Subject: [Beowulf] multi-threading vs. MPI
In-Reply-To: <4759B001.4090004@gmail.com>
References: <d5bdff000712070426q2236991bk28add574bfa4d48f@mail.gmail.com>
	<20071207202431.GA17274@bx9.net> <4759B001.4090004@gmail.com>
Message-ID: <f0e11c480712071324h615690e2y920b40f21fcaa7df@mail.gmail.com>

On Dec 7, 2007 2:41 PM, Toon Knapen <toon.knapen at gmail.com> wrote:
> Greg Lindahl wrote:
> >
> > In real life (i.e. not HPC), everyone uses message passing between
> > nodes.  So I don't see what you're getting at.
>
> Many on this list suggest that using multiple MPI-processes on one and
> the same node is superior to MT approaches IIUC. However I have the
> impression that almost the whole industry is looking into MT to benefit
> from multi-core without even considering message-passing. Why is that so?

Because most of the "real" world does everything in a single node.
Given multi-cores, they have to move down the MT path.

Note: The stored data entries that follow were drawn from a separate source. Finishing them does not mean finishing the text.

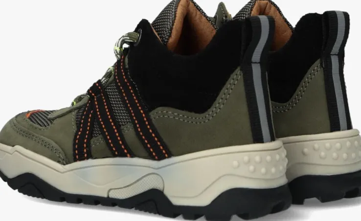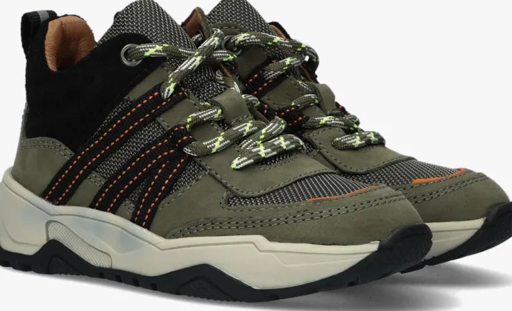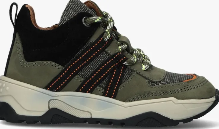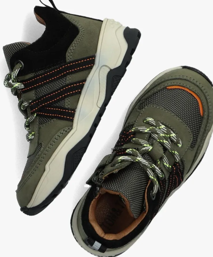 Deze hoge sneaker is van het merk TON&TON! De sneaker is uitgewerkt in groen nubuck met textiel panelen. De gevoerde enkelkraag van zwart suède zorgt voor een heerlijk comfort. Leuke details: de oranje rand bij de neus, de aantreklus bij de hiel en de gekleurde veters. De sneaker is gevoerd met bruin leer en heeft een zacht uitneembaar voetbed. De beige zool heeft een zwarte loopzool met gripvast profiel.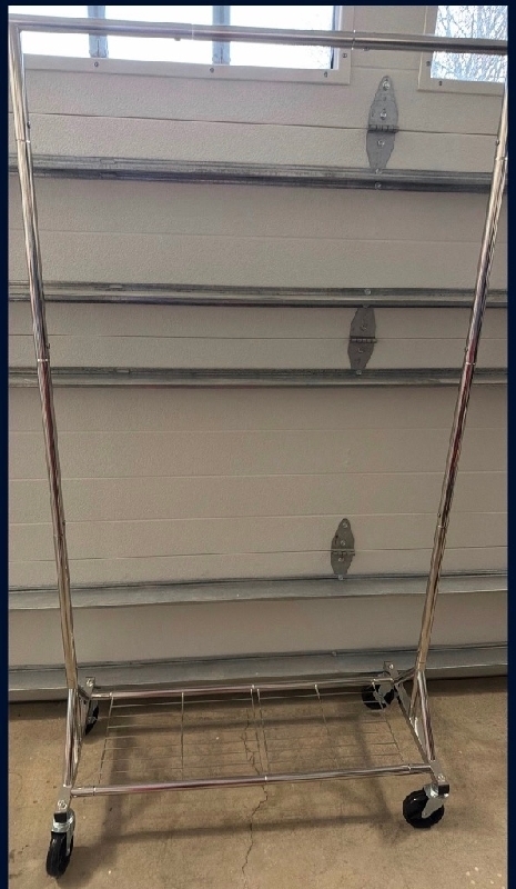 Heavy duty Stainless Steel clothing Racks - Almost New Heavy duty stable wheeled racks. Bought about 2 months ago for a closet renovation and now I don't need them - have 5 - were 44.00 each. Selling for 22 each or 5 for 120. Available for inspection - reasonable offers considered Stored in an insulated climate and temperature controlled garage with an hvac system - All in pristine condition and practically new. 22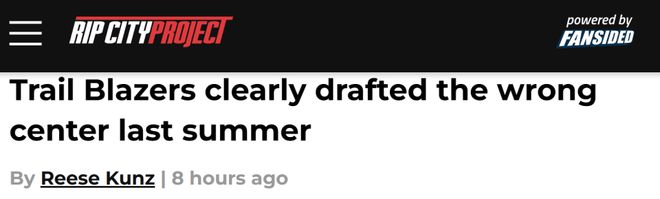 北京时间1月18日,过去两场G联赛,杨瀚森分别创下得分(22分)和篮板(17)新高,但回到开拓者,他还是难以进入轮换,并打出高质量的表现。这也让波特兰的一些媒体对他感到失望。今日,波特兰媒体Rip City Project撰文谈及开拓者的选秀决定,标题是《开拓者去年夏天显然选错了中锋》。以下是文章相关内容——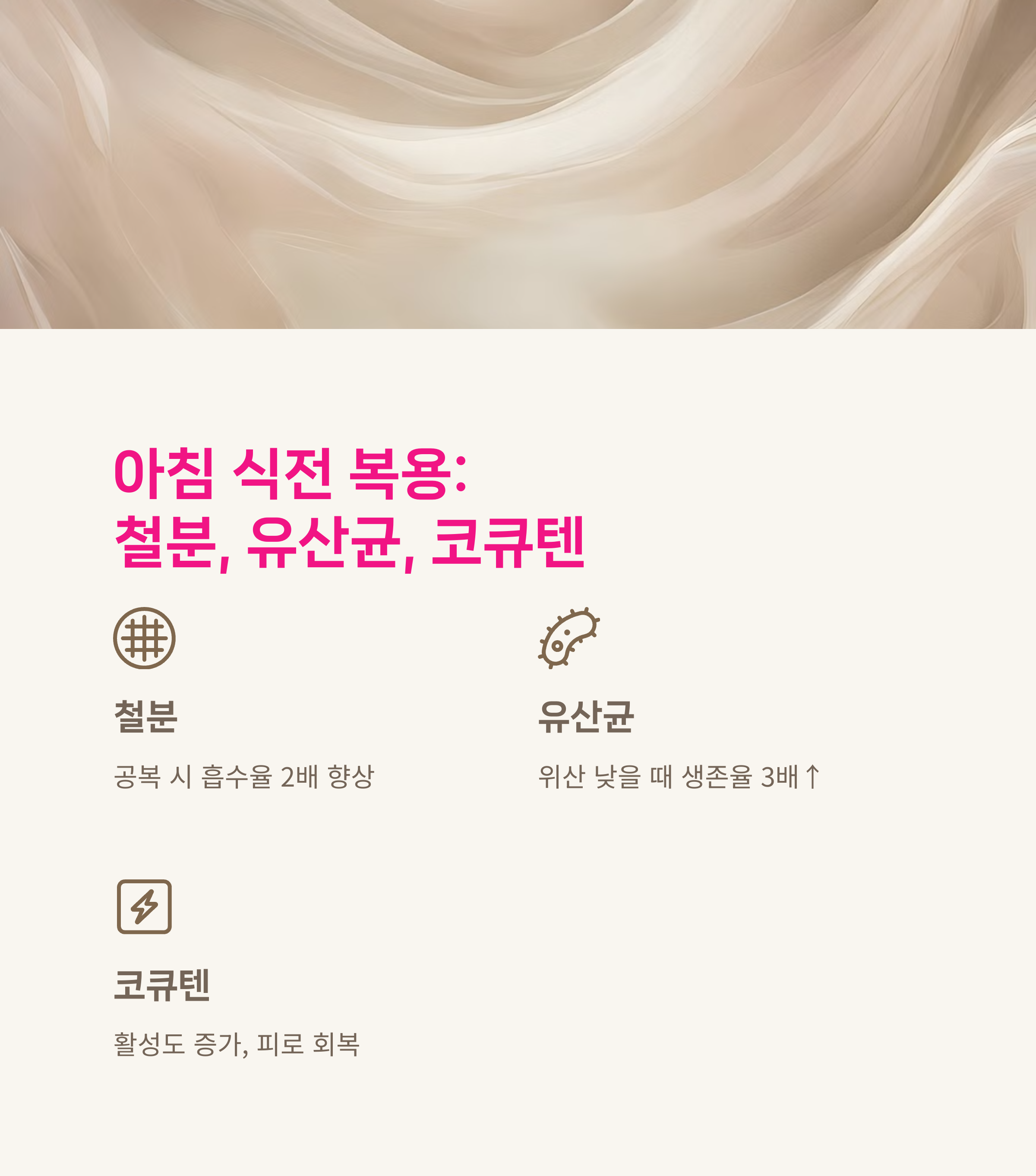 아침 식전 복용 - 철분, 유산균, 코큐텐 점검

The complications and effort of mixing MT on a node with the MP
between nodes -- absolutely required in our world -- is seen as too
great compared with the performance benefit. Simply staying with
multiple MP tasks, whether they are between nodes or within a node, is
much simpler -- it's what we already do.

No, the question of whether MP as we currently do it will scale to
larger and larger systems remains to be seen, but that's another
thread.

-- 
Brian D. Ropers-Huilman, Director
Systems Administration and Technical Operations
Minnesota Supercomputing Institute                 <bropers at msi.umn.edu>
599 Walter Library                                   +1 612-626-5948 (V)
117 Pleasant Street S.E.                             +1 612-624-8861 (F)
University of Minnesota                               Twin Cities Campus
Minneapolis, MN 55455-0255                       http://www.msi.umn.edu/


From richard.walsh at comcast.net  Fri Dec  7 14:15:25 2007
From: richard.walsh at comcast.net (richard.walsh at comcast.net)
Date: Fri, 07 Dec 2007 22:15:25 +0000
Subject: [Beowulf] multi-threading vs. MPI
Message-ID: <120720072215.3444.4759C5FD00014E8500000D742207003201089C040E99D20B9D0E080C079D@comcast.net>


-------------- Original message -------------- 
From: "Toon Knapen" <toon.knapen at gmail.com> 


How come there is almost unanimous agreement in the beowulf-community while the rest is almost unanimous convinced of the opposite ? Are we just tapping ourselves on the back or is MP not sufficiently dissiminated or ... ? 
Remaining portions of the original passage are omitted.